Some have made the case that servers deserve both the higher wage and full-on tips on top (along with Donald Trump’s new tax breaks), but while we love our servers, we’ve not heard anyone argue logically why they should gain all this when the kitchen employees, or an employee in fast food, or many other American workers, do not. Even many of those who support Johnson on other issues are scratching their head over this one. After all, if a restaurant wants to keep a valued workforce of servers, it is free to pay whatever it takes.

We’ve written all this many times, of course, but we’re popping back up to laud the so-called compromise at City Hall, as brokered by Ald. Walter “Red” Burnett, 27th, and the Committee on Workforce Development, that appears to have the votes in the full council to go around the mayor and pause the stepped increase in the tipped minimum wage at 76% of Chicago’s minimum wage for a substantial two-year period for larger restaurants and bars and a hefty four years for mom-and-pop operations (those with between three and 21 employees).

We don’t love that last part, as we think all for-profit restaurants in the city of Chicago should be on the same level playing field and we certainly don’t hail a situation where an expanding local eatery might decide not to expand past 21 employees due to this deal, but then no compromise is ideal.

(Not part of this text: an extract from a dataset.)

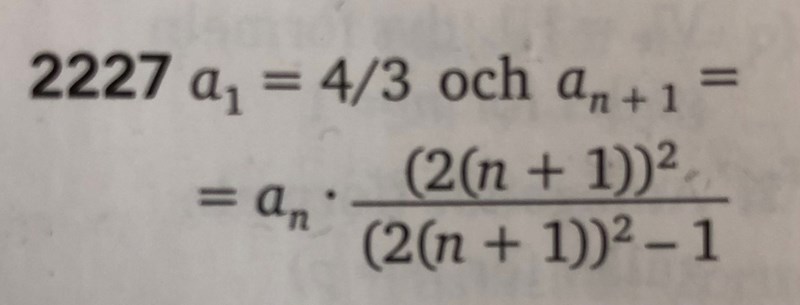 Smaragdalena skrev:De skriver "rekursionsformel för högerledet", och då blir det en faktor när n = 1, två faktorer när n = 2, tre faktorer när n = 3 och så vidare.
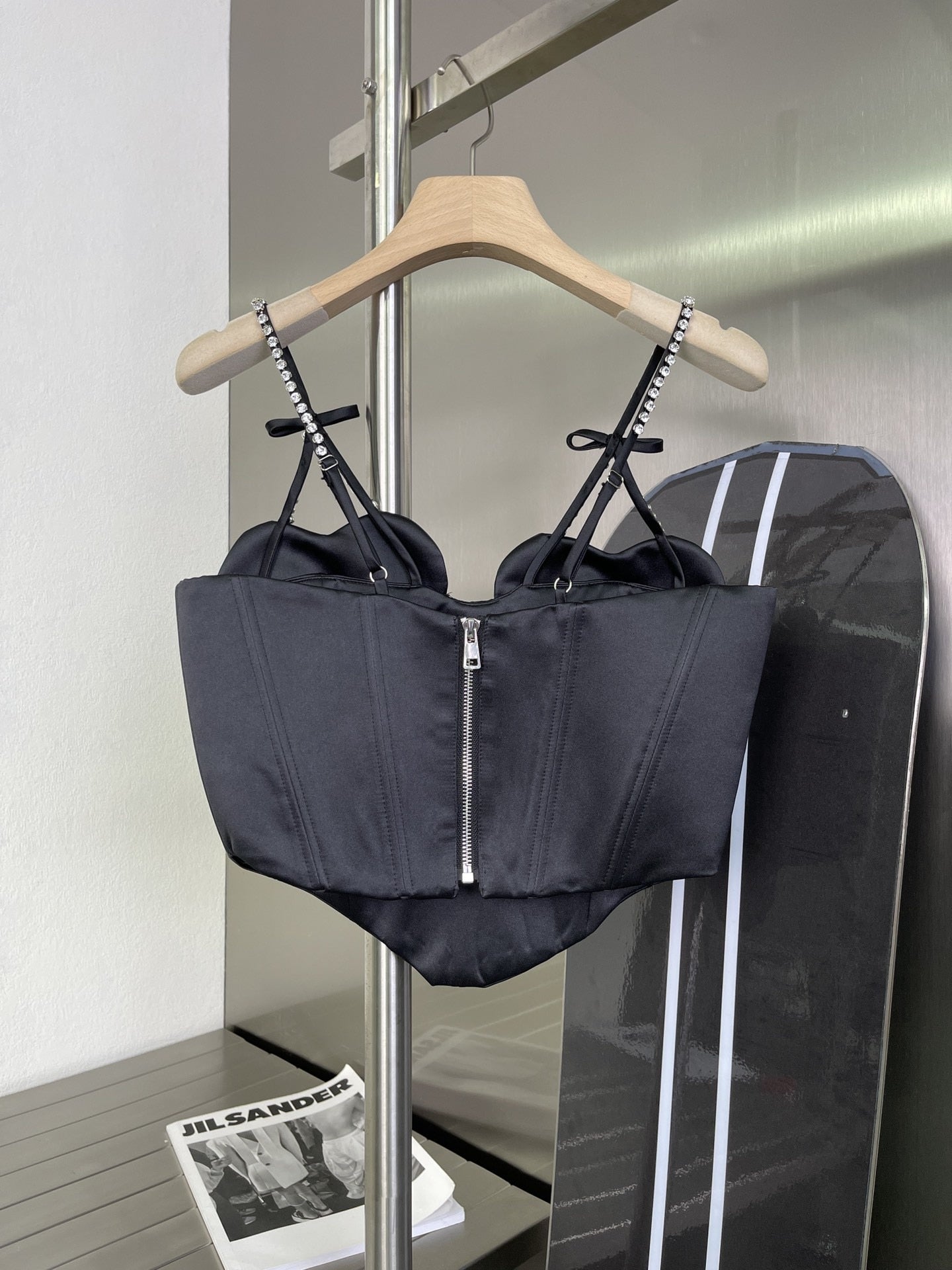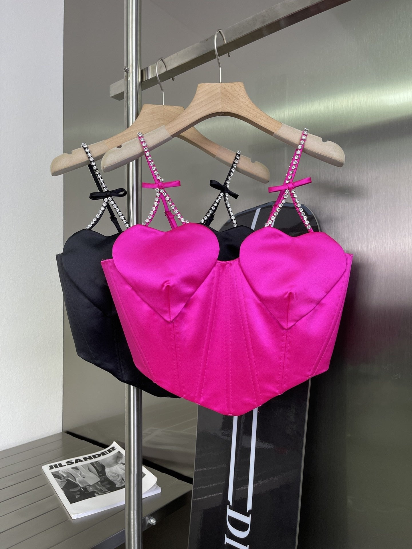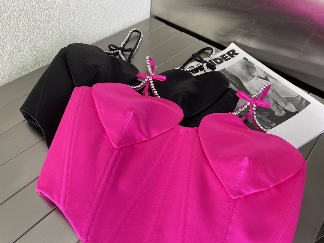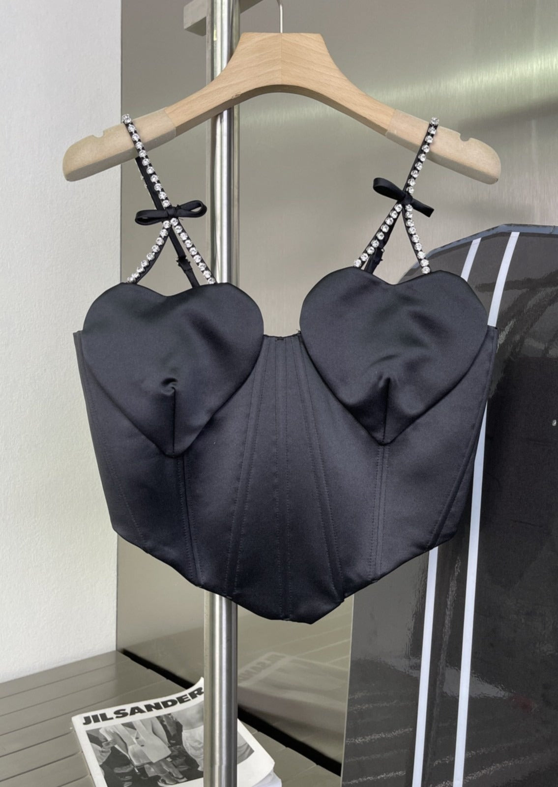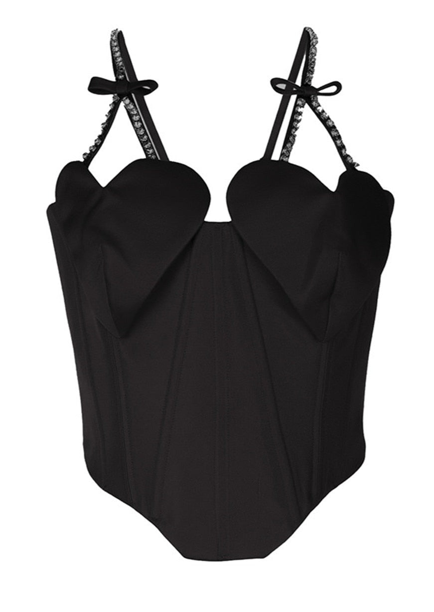 Blak Diamond & Hearts Top is made in the form of a corset. The thin straps are decorated with rhinestones and bows. Sconces are made in the form of big hearts for a very romantic and seductive image. Zipper at the back.

What we do love is that even the two-year freeze on the tipped minimum wage extends past the end of the current mayoral term, something we are sure was not lost on restaurant whisperer Sam Toia of the Illinois Restaurant Association and his beleaguered community. By then, we will potentially be looking at a very different mayor and city council, and it’s hard to imagine any mayor not named Brandon Johnson taking up this ridiculous fight and going after scores of this city’s most prized assets. And by that we include hospitality workers.

Seen that way, the prospect of this issue quietly dying in the future is more of a W than a draw for the hard-pressed restaurant industry and its servers, and an L for the out-of-state One Fair Wage activist group, which got outplayed in a city it never tried to understand — and, of course, for the mayor.

The hospitality industry converges on Chicago this weekend for the National Restaurant Show. Let’s hope some creative new chef owners are emboldened to set up shop here.